Enterprise Wi-Fi networks are often mysteries, because it's difficult for IT to get a user perspective on how applications such as voice and video are performing over 802.11. VeriWave's new WaveDeploy system shows the quality of the user's Wi-Fi experience.
Managing the user's Wi-Fi experience in enterprise wireless LANs is tough, because information about what's happening is hard to come by. VeriWave is introducing a new version of its wireless testing platform to collect and analyze that data.
The WaveDeploy system combines a test application running on a PC or server, and an agent that runs on a laptop or other wireless device. The agents collect a wide range of data about how specific applications, such as VoIP or video or Web surfing, are performing at a given location. The data gets passed along to the WaveDeploy test application where it's processed into a range of reports and "heat map" displays showing areas where performance may be weak.
This kind of information is almost never found in conventional WLAN site survey tools. And spectrum analyzers are limited to the physical layer, so they can't give a detailed user perspective on how applications are actually performing. IT managers are often limited to measuring the radio signal strength 'seen' by the Wi-Fi client (received signal strength indicator or RSSI), a general measure of throughput, and indications of co-channel radio interference.
But WaveDeploy gives network administrators a broad range of measurements that reveal the Wi-Fi experience from the standpoint of its users. With the WaveDeploy Pro edition, administrators can measure several indications of quality including two-way TCP/IP and UDP throughput; Mean Opinion Scores (MOS) for measuriing VoIP quality; video quality via the Media Delivery Index (MDI); packet loss; and roaming.
A separate hardware box, called WaveDeploy Wi-Fi, runs a scale-down version of VeriWave's wireless traffic generator/analyzer software. With the hardware, IT shops can simulate up to 64 "virtual" 802.11 wireless clients, including their applications. Each virtual client can mimic a specific "real" client device, such as laptops, Wi-Fi smartphones or handheld scanners, and different traffic loads characteristic of an office or a hospital, for example. The software generates traffic at specific access points, or groups of them, to measure how these applications actually perform in these locations, and how the WLAN access points react as the number of clients and the amount of data grow.

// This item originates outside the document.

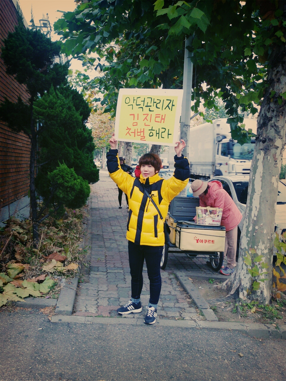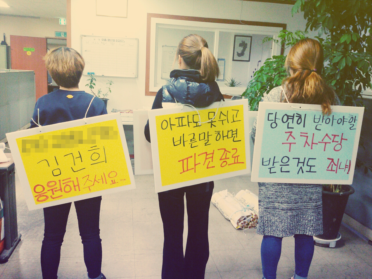 11월 3일, 첫 번째 유인물은 왜 이렇게 시위를 하게 되었는지 깨알 같이 쓴 손 편지였다. 직접 쓴 피켓도 만들었다. 그림도 그렸다. 그러자 놀라서 달려온 파견업체 직원이 몰려와서 피켓을 빼앗아가기도 하고, 회사는 CCTV를 설치하고 쓰레기통을 놓고 회사에 들어가는 노동자들에게 유인물을 빼앗았다. 하지만 굴하지 않았다. 응원의 문자가 쏟아지고, 유인물을 안 빼앗기려고 사람들은 받자마자 주머니에 쑤셔 넣고 내놓지 않았다. 회사 안에서 함께 일하던 동료이자 딸 같은 그녀들을 본 회사 언니들은 돌아서서 눈물을 훔치기도 했다. 회사 주변의 청소노동자도, 야쿠르트 아줌마도 그녀들을 응원했다.

VeriWave has specialized in large-scale automated wireless testing platforms, typically purchased by RF silicon or equipment vendors. For the past few years, the company has been extending RF testing information and capabilities into the enterprise IT market, including video over wireless.
A site can load the WaveDeploy agent on to several clients, such as different laptop computers or Wi-Fi enabled smartphones, load them on a cart and wheel them throughout a building to measure performance with a WLAN infrastructure. Adding the WaveDeploy Wi-Fi unit to the cart enables an IT manager to generate voice, video and data traffic for load testing a larger number of clients and applications at each location.
All the data is captured and stored, and then analyzed and displayed by the WaveDeploy test application. Throughput or MOS data can be shown as color-coded areas on a building's floor plan.
WaveDeploy is available now in three editions. WaveDeploy Basic is a free download from www.wavedeploy.com that handles three basic measurements (TCP/IP downloads, RSSI, and co-channel interference) for one client device. There are no automatically created reports.
WaveDeploy Pro, which starts at $5,000, adds a bundle of additional measures, for up to 10 client devices in a single test, with automatic report generation. WaveDeploy Expert includes the WaveDeploy Wi-Fi traffic generator unit and WaveDeploy Ethernet for wireline measurements. This edition will be available later this summer; price has not yet been announced.